For some unremembered reason, we were there early in the morning, maybe right after it opened. Workers, just coming off the night shift, were sipping beers and  eating dinner-for-breakfast, while, in another corner, fresh fruits were being juiced for eye-opening smoothies.

Given the sizable Chicano and Latino populations, it’s no surprise that every chili pepper imaginable (or at least in this girl’s imagination) seemed to be available. And the pastries! Platter upon platter of sweet Mexican pastries, all for cents. While they crumbled to sweet dust when bitten, dunked in coffee they were divine.

I had a hankering for similar grub on a recent foray to RTM, and ended up at the 12th Street Cantina, the Market’s only Mexican restaurant as far as I can tell. In homage to West Coast Mexican food, I ordered a fish taco, which, a sign assured me, would be cooked when ordered. And, in order to really judge, I accompanied it with an adobe pork taco and refried black beans. Red and green salsas are available on the counter, along with a variety of hot sauces.

spicing things up

Both tacos were good, though not great. The fish taco was nicely spiced, but inexplicably came with tomato and lettuce rather than the crunchy cabbage slaw that would usually accompany this dish. Even stranger, there was no lime wedge with which to brighten the fish, though a bit of hot sauce was welcome.

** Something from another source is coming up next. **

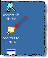 On the mboptio01 desktop is a shortcut called "Shortcut to PRINTERS". It points to C:\WINDOWS\system32\spool\PRINTERS.
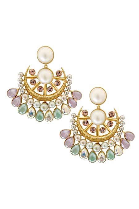 Gold Plated Pearl Bella Crystal Chandbalis

that's the pork, in the back

The adobe pork was tasty, if a bit dry. Slow-cooked pork, it was shredded, with more lettuce and tomato. It, too, benefitted from a liberal application of the salsa verde, which left a tingling in my mouth. Both tacos, though, were watery, probably from the veggies, which made eating them messy.

desert island food

The gold medal goes to the refried black beans, however, which could be a desert island dish. Well-spiced, creamy, warm and filling, the beans were excellent. Don’t really think too hard about the lard that was probably the source of such deliciousness. Sometimes, it’s better to just bask. Which is easy to do at 12th Street. Unlike most Market restaurants, not only does it have it’s own seating area, but it’s actually decorated to reference the cuisine it serves, with tiled walls and bright colors. Now, only if they started serving some beer, than this Cantina would be the perfect hangout spot, east or west coast style.

a bit watery, but maybe that's for the fish in the taco?

Recommended: Adobe pork, salsa verde, refried black beans.